Sunday, December 20, 2015
December 20, 2015 Finally
Risk/Reward Vol. 288
THIS IS NOT INVESTMENT OR TAX ADVICE. IT IS A PERSONAL REFLECTION ON INVESTING. RELY ON NOTHING STATED HEREIN.
“Finally it has happened to me
Right in front of my face
My feelings can't describe it”---lyrics from “Finally” sung by CeCe Peniston
“Nothing from nothing leaves nothing,
And I ain't stuffing/Believe you me
Don't you remember I told you
That I'm a soldier in the war on poverty”---lyrics from “Nothing From Nothing”---sung by Billy Preston
“We've all been down this road before,
I give it all, you wanted more.
I've only got myself to blame”---lyrics from “Back Again” sung by Daught
“Finally, it has happened/Right in front of my face.” On Wednesday, the Federal Reserve raised short term interest rates for the first time since 2006. That’s right---for almost a decade, interest rates have been in either a declining or zero bound state. Maybe historically low rates were necessary in 2008-2009 at the height of the credit crisis, but since then they only have disproved the long held belief of Federal Reserve wonks that cheap money alone can spur robust economic growth. Clearly, it cannot. Meanwhile, those same wonks have wiped out 10 years’ worth of returns on savings; returns upon which most Americans and every pension plan rely to grow their nest eggs.

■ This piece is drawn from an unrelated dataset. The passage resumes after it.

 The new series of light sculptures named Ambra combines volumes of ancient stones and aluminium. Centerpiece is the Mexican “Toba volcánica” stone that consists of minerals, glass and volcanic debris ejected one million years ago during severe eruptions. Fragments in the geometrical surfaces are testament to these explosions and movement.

As an income investor in the twilight of his earning years, I struggle for words “to describe my feelings.”
Immediately following the rate increase announcement on Wednesday, the stock market exploded. The Dow Jones Industrial Average rose 250 points between the 1 o’clock press release and the close of trading at 4pm; a signal from Mr. Market that it was high time to start normalizing rates. Unfortunately, the stock markets could not sustain the rally. Continued weakness in the oil patch on Thursday (due in part to the rate increase and a concomitant strong dollar) and a technical trading event on Friday (the quadruple witching hour when all options expire thereby magnifying whichever way the market is trending) conspired to wipe out the mid-week gains. The two major indices finished the week below where they ended last week. “Nothing from nothing leaves nothing/Believe you me.” In other words, index investors retreated in their “war on poverty.”

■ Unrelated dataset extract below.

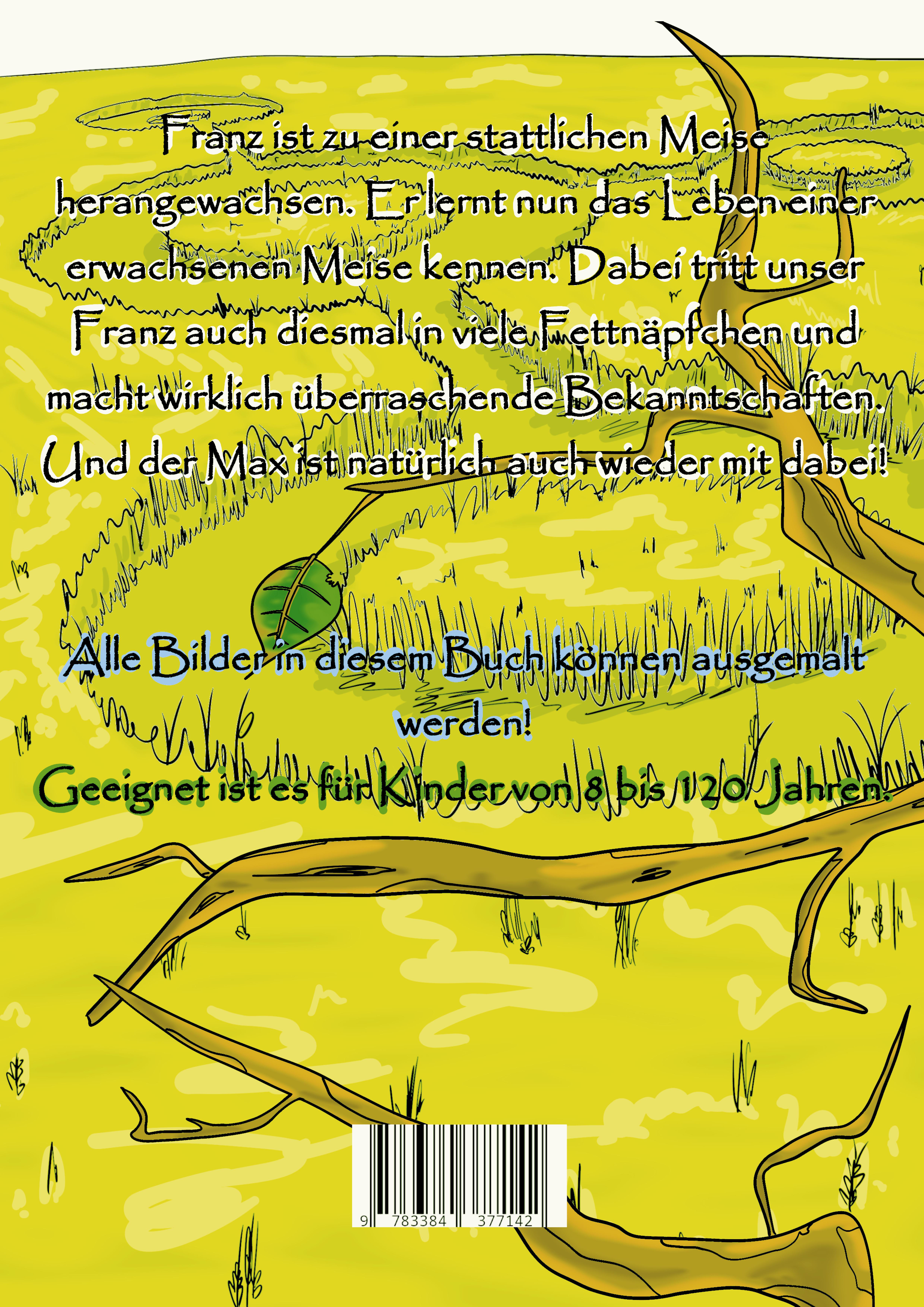 Franz die Meise ist ein kleiner Vogel der in seinem bereits vierten Buch, eine kleine witzige Abenteuergeschichte überstehen muss. Die Geschichte wird von vielen lustigen Bildern begleitet. Dabei sind alle Bilder in diesem Buch für Kinder, zum Ausmalen gedacht und nicht koloriert. Dafür ist aber eine klitzekleine Prise Humor gratis mit dabei. Das Buch ist im Format DIN A4 in moderater Schriftgröße gut lesbar. Die Bilder des Buches sind zur Hälfte ganzseitig gehalten. Alle Kinder ab 8 Jahren können sich diesem Werk widmen. Auch die jung gebliebenen Erwachsenen lädt der Autor zum Anmalen und Schmökern ein. Sie können sich auf über 70 Seiten und ebenso vielen Bildern nach Herzenslust austoben und unserer Meise Franz ein buntes Leben gestalten.In diesem Buch können Sie erfahren, wie Meisen ihre Nester bauen und wie diese "einkaufen". Bestimmt lernen Sie neben dem Max, einem Förster und einer Amtsmeise auch ganz viele verschiedene Löwen kennen. Oder waren das vielleicht Möwen? Ganz Aufmerksame, erfahren, was unser Franz unter dem Begriff "Pizzahungrigkeit" versteht. Falls Sie sich immer schon mal gefragt haben, was Kornkreise sind und wissen wollen, wer diese macht, sind Sie hier vermutlich richtig!

But not everyone lost money as the week ended. As stated over these past several weeks, I intended to gauge the impact of the rate increase on the benchmark 10Year Treasury Bond, and if it was de minimis (as I believed it would be), I would jump “Back (in) Again.” In fact, the yield on the 10Year held steady. Accordingly, I began buying some of my favorite interest rate sensitive stocks on Thursday (PGX, HPF, HPI), many of which had been hammered; an overreaction to the anticipated impact of the Fed’s action. As the stock indices collapsed on Friday, the yield on the 10Year remained steady--- as did the value of my purchases. Some even appreciated. But where I really prospered this week was with Vanguard Resources (VNR). Before the market opened on Friday, VNR announced that it was reducing the dividend on its common stock by 75% but maintaining the dividend on its preferred. 20.VNR’s preferreds (VNRAP and VNRBP) have been favorites of mine for several years, but I have shied away from them over the past month or so due to unfavorable oil and gas developments and the belief of many that VNR’s preferred dividend would be cut along with that on its common. With Friday morning’s announcement, the safety of the preferred dividend was strengthened significantly. I bought several positions of each through the day. VNRAP rose 25% and VNRBP rose nearly 12%: in one day! If luck is the intersection of preparation and opportunity, I was lucky indeed. Overall, it feels natural to be back investing. But I’ve “been down this road before” and if it goes badly because I entered too soon, “I’ve only got myself to blame.”
I reenter the market with enthusiasm. In the words of Billy Preston, “I’m Born Again.” For the first time in years, I feel confident that a sensible and predictable path will be followed by the Fed. The Fed’s dot plot (See Vol. 259 www.riskrewardblog.blogspot.com for an explanation) also published on Wednesday foretells a series of quarterly 25 basis point increases over the next year. As an income investor predictability of rates is all that I need to make a decent return. But if it all goes awry (as it will at some point), I will not hesitate to liquidate only to re-enter when the time is once again right. Like Billy, inevitably and inexorably, Mr. Market “Goes ‘Round in Circles.”